In 1792 the kirk agreed to a purpose-built building for the school. The building, by Robert Burn, beside Leith Links, was completed in 1806. The school changed its name to Leith Academy in 1888. The Leith Links school was demolished and replaced by a new building opened in 1898. In turn, due to continued growth in the number of pupils, by 1931 a new building was required and the school on the Duke Street site was built. The Links building is now used as Leith Primary School. The Duke Street school was used as part of Queen Margaret University College and has been (2014) converted to flats. The school's current building, off Easter Road, was completed in 1991 after much campaigning by staff, students and parents.

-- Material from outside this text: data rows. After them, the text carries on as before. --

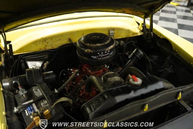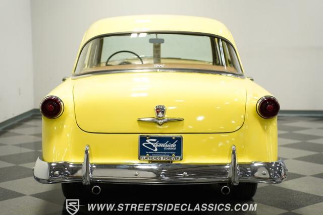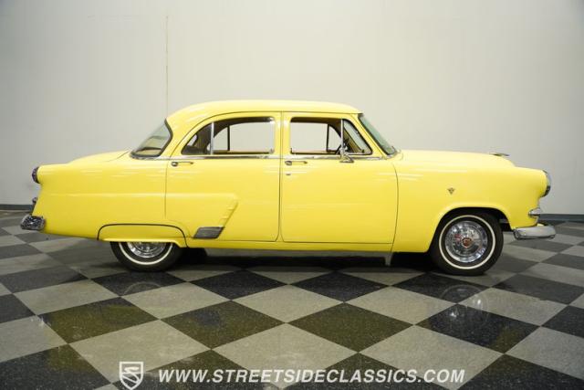 Yellow paint covers this 1953 Ford Mainline Fordor from a full repaint job. Chrome brightwork appears throughout, including bumpers, headlight assemblies, mirrors, and door handles. New rubber seals fit all glass for improved weather protection. Rolling stock consists of 15-inch steel wheels with chrome hubcaps, wrapped in P205/75R15 front and P205/70R15 rear radial tires.
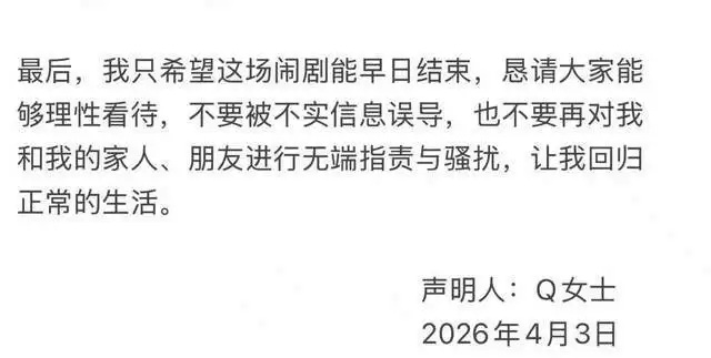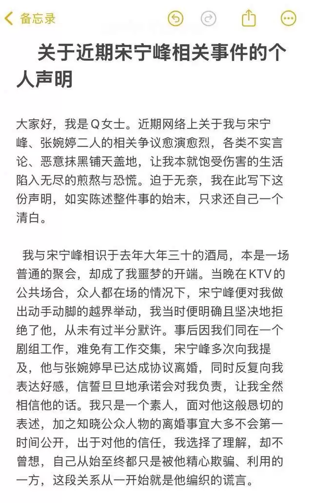 Q女士在声明中称,自己并非主动介入宋宁峰婚姻,而是被男方精心设计的骗局所害。据其描述,两人于2025年大年三十的酒局初次见面,宋宁峰当场对其毛手毛脚,被她拒绝后仍不罢休。
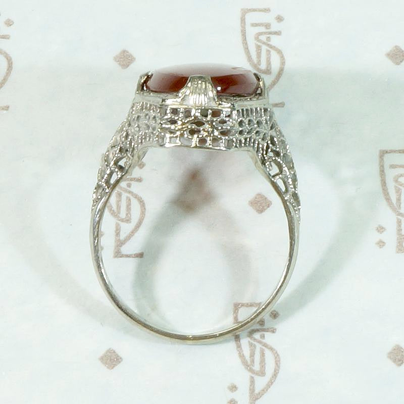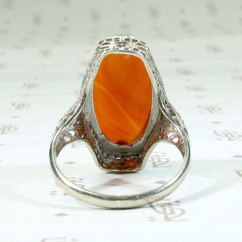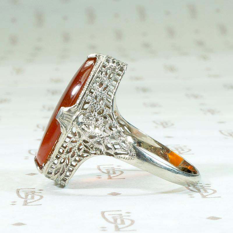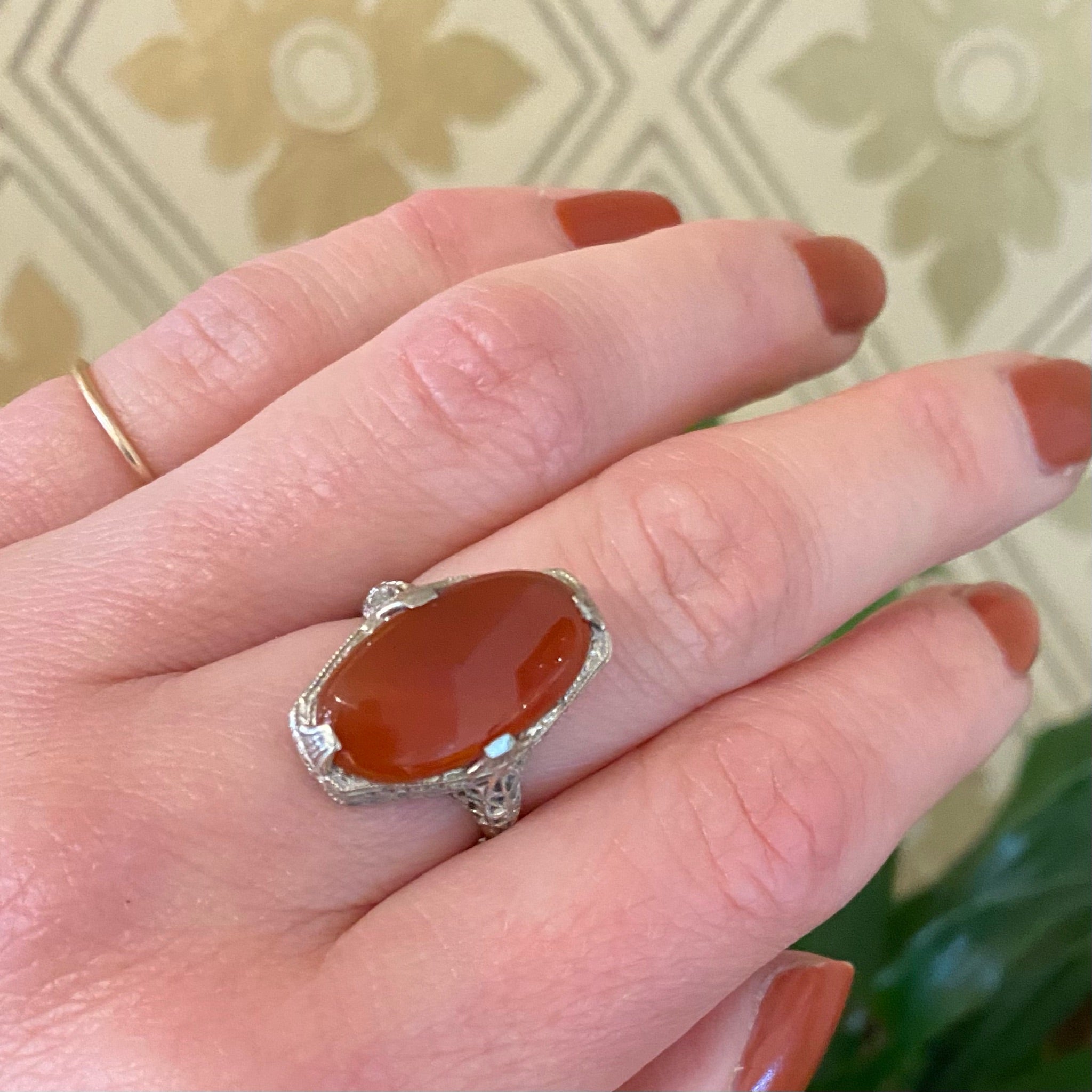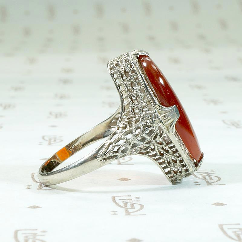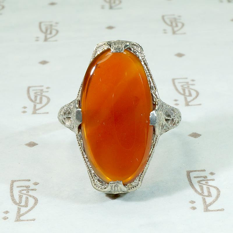 The glamour of Art Deco carnelian jewelry is irresistible. This ring features classic filigree set with a glowing carnelian gemstone. The rich orange gem is an oval slab with beveled edges, held in four engraved prongs. The 14k white gold ring is elaborately lacy, with filigreed shoulders and gallery like spun sugar. Imagine the fashionable woman who wore this ring one hundred years ago, and the glittering parties she wore it to. Circa 1920.

The school was founded by South Leith Parish Church, and strong links remain to this day, with the school's annual Christmas service being held there.

Building
The current Leith Academy building was completed in May 1991. The building incorporated the design principles of "planning for change" developed by the OECD Programme on Educational Building (PEB). It features an innovative design based around a "Main Street" leading from one end of the school to the other with all departments and facilities, including a swimming pool, leading off it. The Main Street has a glass roof and is lined on either side by plants. These plants were featured on the BBC Television programme The Beechgrove Garden.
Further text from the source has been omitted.